The MA lines underwent expansions across many repeats, with some MA lines experiencing a considerable increase in repeated DNA content in their genome over the course of the MA experiment compared to the non-MA population isolates (Figure 4B). Most notable was MA line C20, which experienced expansions in 34 of the 39 top kmers, with an overall increase in 580.2 kb in repeat content over 81 generations. On the other hand, population isolates deviated less from an overall balance of expansions and contractions (Figure 4B).
To perform a contrast in the variation of individual kmers between the MA lines and the population, we calculated the coefficient of variation (CV, the SD divided by the mean) for each kmer for both the MA lines and the population. We found that the CV was higher in the MA lines than the population for 37 of the top 39 kmers (Figure 4C, P < 2.84 × 10−9, sign test). We considered the possibility that the CV of the MA lines was artificially inflated if the mean abundances of some repeats in the second library preparation MA lines were different to those of the first library preparation MA lines. We also considered that the CV may be greater in the MA lines partially because the MA lines may have undergone more generations than the population. To ensure these factors were not founding our results, we also calculated the CV of the MA lines comparing only the ones that were prepared in the same library and normalized the CV of the MA lines by the difference in the generation number between the MA lines and the population. After this conservative calculation, the CV was higher than the population isolates across 25 of the 39 top kmers (File S4).
Next, we compared the realized mutation rate (the mutations that made it through the “filter” of selection in the non-MA population) to the mutation rate in the MA lines. We used the conservative calculation of 62 generations propagated in the population (File S3). The realized mutation rates in the population were lower than the MA lines for 32 of the top 38 kmers not including the telomere repeat (Figure 4D, P < 2.43 × 10−5, sign test). Since the sample size of the non-MA population isolates is lower than the sample size of the MA lines (6 vs. 28), we performed 1000 subsampling replicates for each repeat by sampling six random MA lines and calculating the mean mutation rate. We found that 22 out of 38 repeats had a lower realized mutation rate in the population than the 5% quantile of the 1000 MA line subsample replicates (File S4). Moreover, some repeats seemed to be more constrained than others. We roughly quantified constraint by the difference between the mutation rate of the MA lines to the realized mutation rate of the population for each repeat. Five repeats experienced high levels of constraint by this measure, with the realized mutation rate being at least 75% lower in the population than the MA lines: AGG, C, AGCCTG, AAGCCAGTGCAGC, and AATCTGGAATGGAATGG. All of these highly constrained repeats had statistically significant lower realized mutation rates by the subsampling test above. On the other hand, nine repeats seem to have experienced little constraint in their expansions and contractions, with their realized mutation rates in the population being either slightly higher in the population or very close to that of the MA lines (Figure 4D and File S4). The level of constraint was not related to the copy number of the repeat (File S4).

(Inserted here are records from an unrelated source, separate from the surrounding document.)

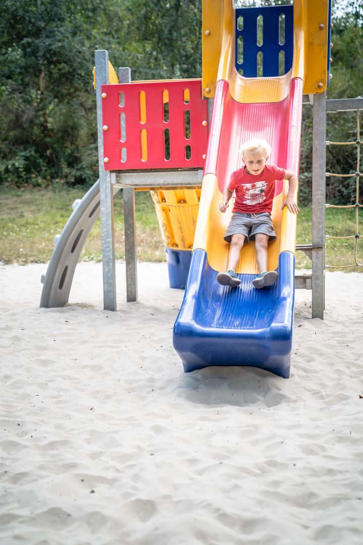 Schön gelegener Spielplatz in direkter Nähe zum Staubecken. Eine Schutzhütte mit Tisch und Bänken bietet eine perfekte Pausenmöglichkeit, bei der die Kinder sich auf den Spielgeräten austoben können.
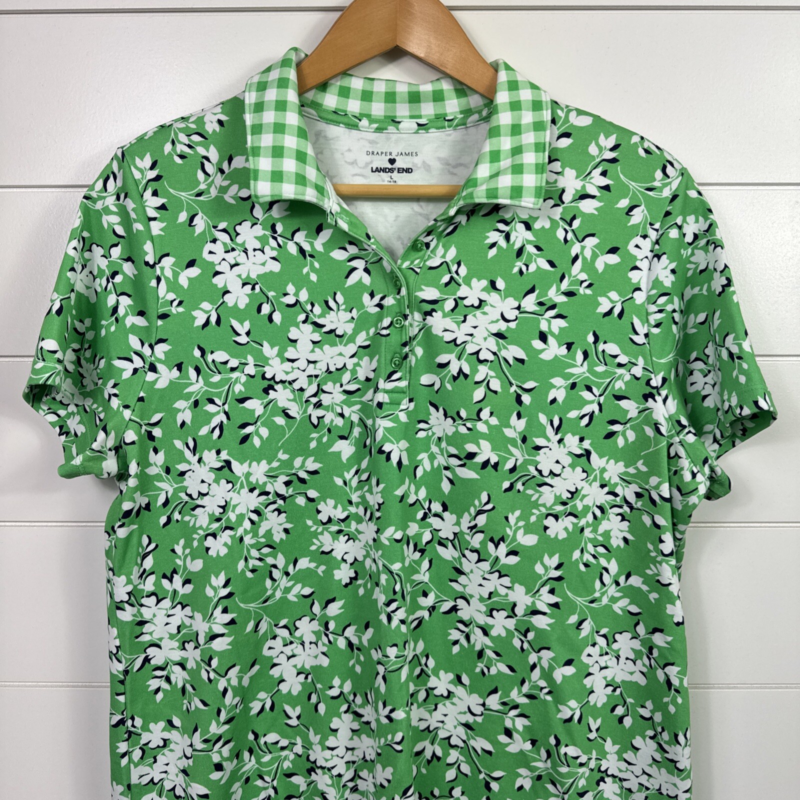 Women's Draper James Lands End Polo Shirt sz Large 14-16 -Style: Polo Shirt -Color: Green with navy blue/white floral print with green/white checked collar -Pullover style with 5 button front closure -Collared -Short Sleeved -100% cotton -Excellent condition! Flat Measurements: 21.25" Bust plus stretch 26" Length I take very good care of my items in my smoke free home! If you have any questions, please contact me and I'll be more happy to answer! Please check out my other listings and Thanks for looking!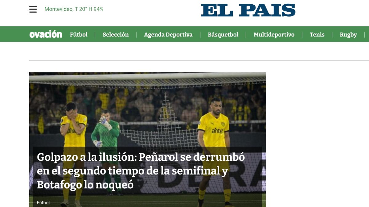 O “El País“, do Uruguai, que fez uma dedicada cobertura do dia dos aurinegros no Rio de Janeiro desde cedo, escolheu para capa do portal a seguinte manchete: “Um grande golpe no sonho: Peñarol ruiu no segundo tempo da semifinal e foi nocauteado pelo Botafogo”.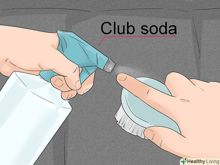 Використовуйте газовану воду.газовану воду можна використовувати для виведення плям на тканинних сидіннях. Розпиліть тонкий шар газованої води на пляму і протріть його щіткою. Якщо потрібно, повторіть всю процедуру знову, не забуваючи витирати надлишок води.[10]- Газована вода прекрасно підходить для виведення плям від блювоти.
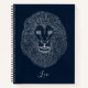White contour graphic drawing of a lion's head on a navy blue background with monogram name design.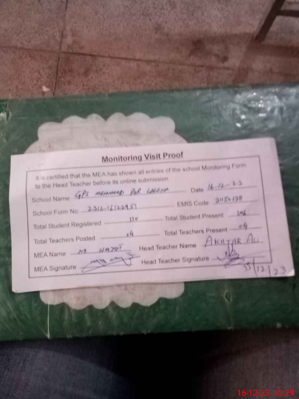 | Attendance Register | Head Teacher | MEA with School | Visit Proof |
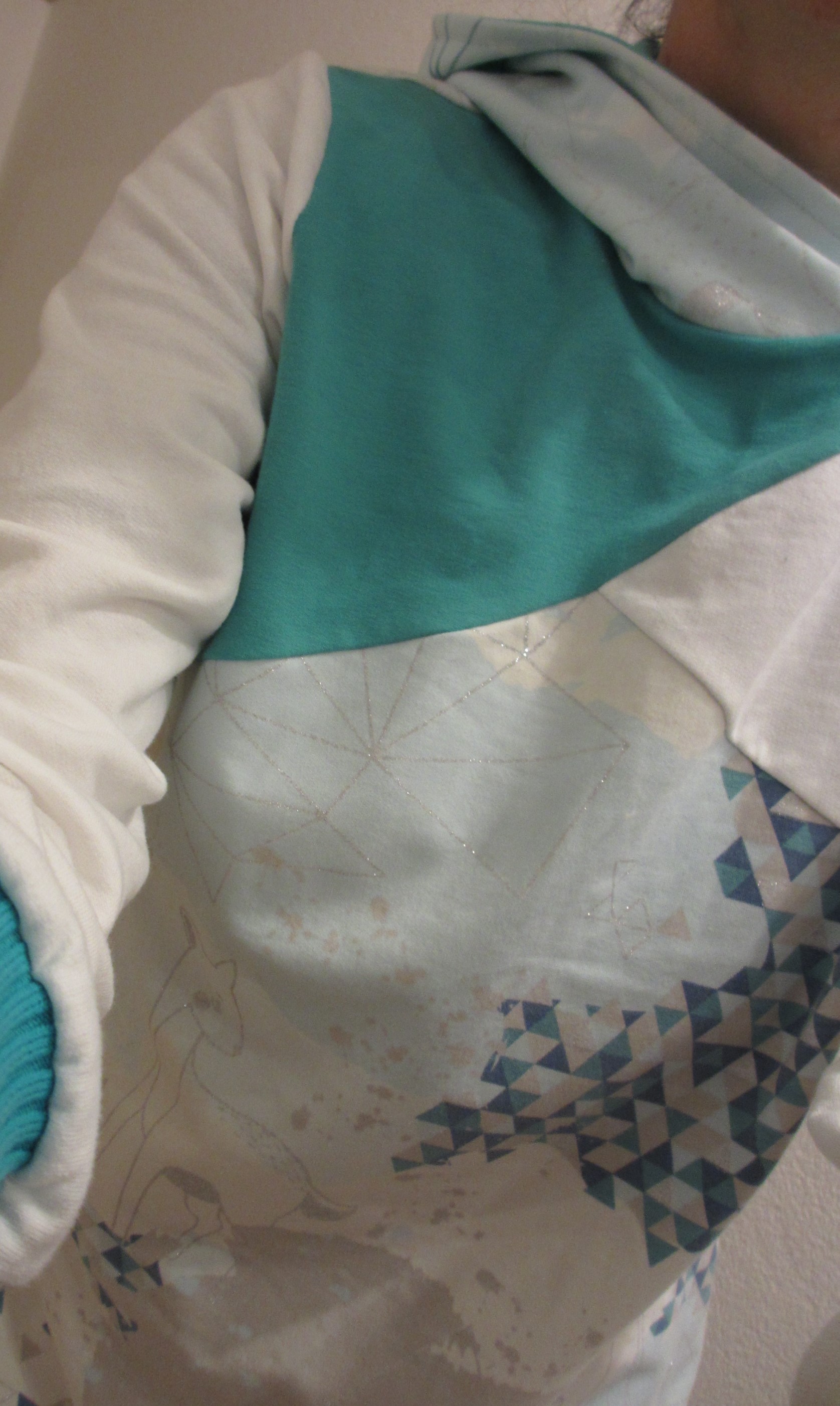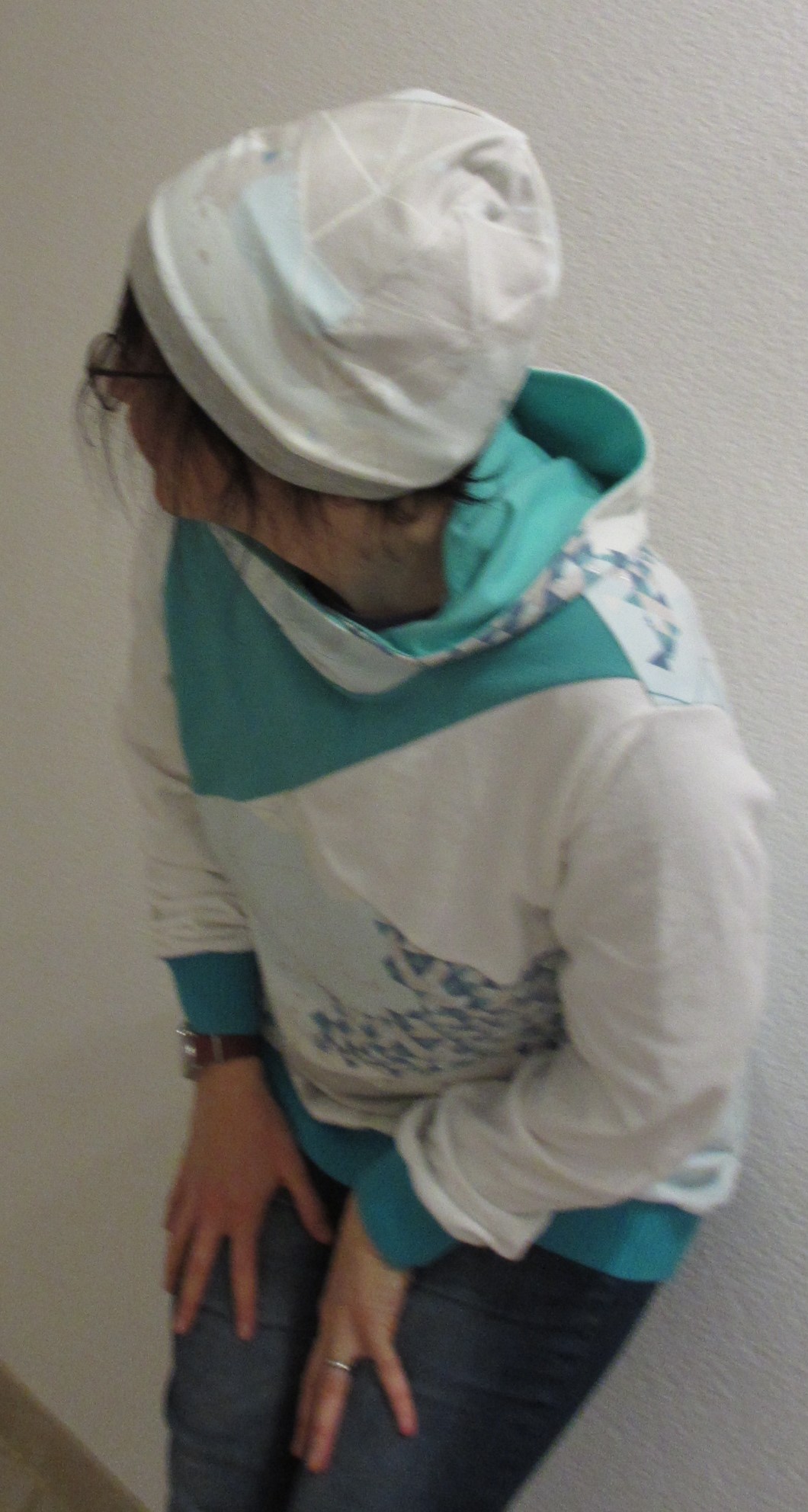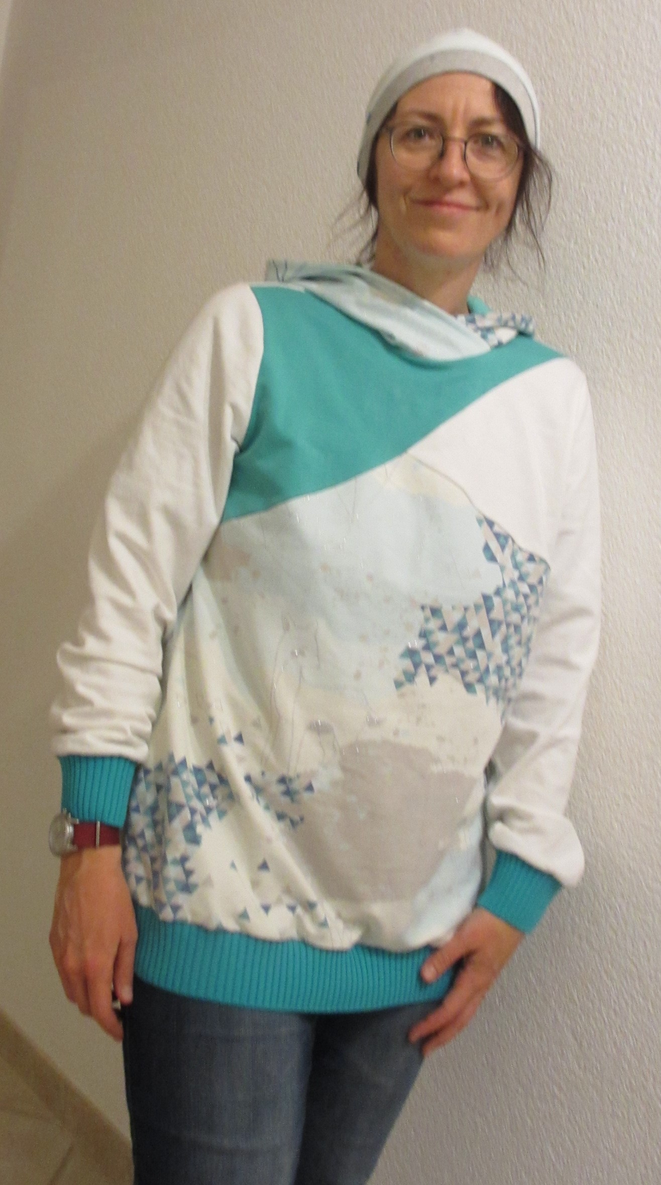 Für meinen bequemen Kapuzenhoodie in mint-weiß habe ich das Schnittmuster „Christina“ von Rockerbuben verwendet. Das hat sich bei den Kindern als Geburtstagsshirt ja schon oft bewährt 🙂 An den Armen und am Saum habe ich zum ersten Mal Strickbündchen angebracht. Das hat sehr gut funktioniert, nur beim Saum musste ich es wieder komplett abtrennen, weil es beim ersten Mal links auf rechts angenäht war…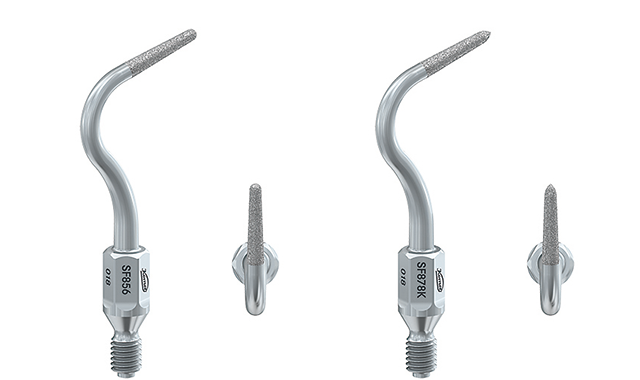 The Komet SonicLine instrument selection has been expanded to include two special Sonic tips for crown preparation, SF856.000.018 and SF878K.000.018, which correspond to Komet’s 856 (S6856.314.018) and 878K (S6878K.314.018) rotary crown-preparation diamonds, respectively. Sonic tip SF856.000.018 features a round tapered-chamfer configuration, while tip SF878K.000.018 provides a modified tapered-chamfer shape.

Wei et al. (2014) noted strong patterns of correlation of kmer abundances across different populations of D. melanogaster, suggesting some sort of evolutionary nonindependence. These correlation patterns may suggest constraints on the mutational process, or they may be driven by selection. To investigate correlations in the expansions/contractions between repeats, we computed a correlation matrix (using the Pearson correlation) between each repeat for the MA lines and the population. This would indicate correlations between changes in repeat copy number inherent to mutation as well as correlations caused by similar selective regimes among repeats. We found that some (mainly positive) correlations existed in the MA lines, but the correlations between repeat copy changes in the population were more common and stronger for both positive and negative correlations (Figure 5, A and B). A Mantel test indicated that these correlation matrices were significantly different (P < 0.001), indicating a role of selection in interactions between repeat sequences.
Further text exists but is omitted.